WHAT TO DO: Below are several entries. Transcribe exactly those lines that fall from the one with "वॉर्डरोब में ग्रीन" through the one with "hybrid parabolic and", end lines included.

DATA EXTRACT:
* * * * * * * * *

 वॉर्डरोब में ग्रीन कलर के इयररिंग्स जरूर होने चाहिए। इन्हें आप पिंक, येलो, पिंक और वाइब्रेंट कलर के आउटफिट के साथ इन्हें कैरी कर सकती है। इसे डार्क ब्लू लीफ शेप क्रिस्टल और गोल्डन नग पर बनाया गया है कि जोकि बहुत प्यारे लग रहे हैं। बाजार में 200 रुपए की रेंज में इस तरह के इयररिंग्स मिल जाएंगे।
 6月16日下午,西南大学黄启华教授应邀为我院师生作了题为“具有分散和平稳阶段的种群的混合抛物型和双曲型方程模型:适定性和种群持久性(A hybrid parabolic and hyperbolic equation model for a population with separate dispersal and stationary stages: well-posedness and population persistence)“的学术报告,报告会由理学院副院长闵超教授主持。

* * * * * * * * *

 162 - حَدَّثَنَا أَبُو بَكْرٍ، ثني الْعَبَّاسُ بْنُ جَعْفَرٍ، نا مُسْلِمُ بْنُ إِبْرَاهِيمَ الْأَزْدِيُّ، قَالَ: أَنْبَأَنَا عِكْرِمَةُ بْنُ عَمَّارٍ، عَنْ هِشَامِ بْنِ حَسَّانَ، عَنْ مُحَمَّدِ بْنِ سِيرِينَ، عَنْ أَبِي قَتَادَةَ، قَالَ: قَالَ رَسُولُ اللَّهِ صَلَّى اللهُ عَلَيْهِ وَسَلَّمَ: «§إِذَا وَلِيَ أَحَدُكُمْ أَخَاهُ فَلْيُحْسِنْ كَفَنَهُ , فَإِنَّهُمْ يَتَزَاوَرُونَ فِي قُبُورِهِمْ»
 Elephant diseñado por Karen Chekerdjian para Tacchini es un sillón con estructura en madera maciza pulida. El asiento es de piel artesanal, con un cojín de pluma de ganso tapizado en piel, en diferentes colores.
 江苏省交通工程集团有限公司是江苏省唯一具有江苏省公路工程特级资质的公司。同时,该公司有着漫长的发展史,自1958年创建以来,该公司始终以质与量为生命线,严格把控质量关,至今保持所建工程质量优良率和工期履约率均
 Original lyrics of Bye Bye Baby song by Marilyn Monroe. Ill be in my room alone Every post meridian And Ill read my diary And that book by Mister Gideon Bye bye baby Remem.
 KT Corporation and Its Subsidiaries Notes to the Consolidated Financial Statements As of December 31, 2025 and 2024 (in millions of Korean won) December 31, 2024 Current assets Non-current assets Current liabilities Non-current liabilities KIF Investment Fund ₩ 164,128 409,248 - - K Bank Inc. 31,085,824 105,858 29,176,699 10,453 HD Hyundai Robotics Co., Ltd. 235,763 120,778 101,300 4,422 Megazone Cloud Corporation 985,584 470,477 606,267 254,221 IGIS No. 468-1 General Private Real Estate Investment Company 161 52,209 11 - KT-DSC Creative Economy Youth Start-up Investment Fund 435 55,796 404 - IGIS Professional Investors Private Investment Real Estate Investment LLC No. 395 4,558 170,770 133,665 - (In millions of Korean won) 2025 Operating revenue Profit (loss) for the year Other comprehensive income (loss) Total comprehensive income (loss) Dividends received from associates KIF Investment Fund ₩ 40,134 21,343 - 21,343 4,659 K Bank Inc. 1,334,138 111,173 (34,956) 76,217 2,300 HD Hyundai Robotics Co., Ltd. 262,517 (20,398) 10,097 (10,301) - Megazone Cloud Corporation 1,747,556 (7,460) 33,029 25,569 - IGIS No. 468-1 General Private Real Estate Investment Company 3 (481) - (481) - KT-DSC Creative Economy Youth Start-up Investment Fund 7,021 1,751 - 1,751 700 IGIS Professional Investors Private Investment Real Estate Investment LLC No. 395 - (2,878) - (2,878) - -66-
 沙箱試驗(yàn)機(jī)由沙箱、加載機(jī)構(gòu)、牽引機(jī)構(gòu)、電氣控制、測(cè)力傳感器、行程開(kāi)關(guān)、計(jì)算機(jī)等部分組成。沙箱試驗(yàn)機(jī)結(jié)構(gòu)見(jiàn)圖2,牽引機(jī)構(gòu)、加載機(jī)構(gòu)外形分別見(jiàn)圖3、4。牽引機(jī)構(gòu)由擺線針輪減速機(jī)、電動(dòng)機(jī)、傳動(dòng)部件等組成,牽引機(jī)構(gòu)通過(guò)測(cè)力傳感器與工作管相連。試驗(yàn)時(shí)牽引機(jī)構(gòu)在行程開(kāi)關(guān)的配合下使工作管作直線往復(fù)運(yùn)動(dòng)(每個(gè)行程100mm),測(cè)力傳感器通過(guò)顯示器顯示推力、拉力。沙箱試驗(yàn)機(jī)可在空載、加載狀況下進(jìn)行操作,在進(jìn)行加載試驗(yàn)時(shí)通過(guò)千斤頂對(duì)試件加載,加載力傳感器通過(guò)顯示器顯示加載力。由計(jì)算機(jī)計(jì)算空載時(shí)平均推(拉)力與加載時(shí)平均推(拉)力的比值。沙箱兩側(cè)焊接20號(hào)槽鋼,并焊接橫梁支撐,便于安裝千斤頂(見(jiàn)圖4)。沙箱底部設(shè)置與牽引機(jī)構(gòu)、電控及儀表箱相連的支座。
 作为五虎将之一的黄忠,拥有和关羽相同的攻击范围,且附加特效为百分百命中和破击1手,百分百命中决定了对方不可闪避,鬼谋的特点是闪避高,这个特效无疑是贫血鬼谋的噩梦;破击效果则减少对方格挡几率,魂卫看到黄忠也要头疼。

* * * * * * * * *

PROBLEM SOLUTION:
 वॉर्डरोब में ग्रीन कलर के इयररिंग्स जरूर होने चाहिए। इन्हें आप पिंक, येलो, पिंक और वाइब्रेंट कलर के आउटफिट के साथ इन्हें कैरी कर सकती है। इसे डार्क ब्लू लीफ शेप क्रिस्टल और गोल्डन नग पर बनाया गया है कि जोकि बहुत प्यारे लग रहे हैं। बाजार में 200 रुपए की रेंज में इस तरह के इयररिंग्स मिल जाएंगे।
 6月16日下午,西南大学黄启华教授应邀为我院师生作了题为“具有分散和平稳阶段的种群的混合抛物型和双曲型方程模型:适定性和种群持久性(A hybrid parabolic and hyperbolic equation model for a population with separate dispersal and stationary stages: well-posedness and population persistence)“的学术报告,报告会由理学院副院长闵超教授主持。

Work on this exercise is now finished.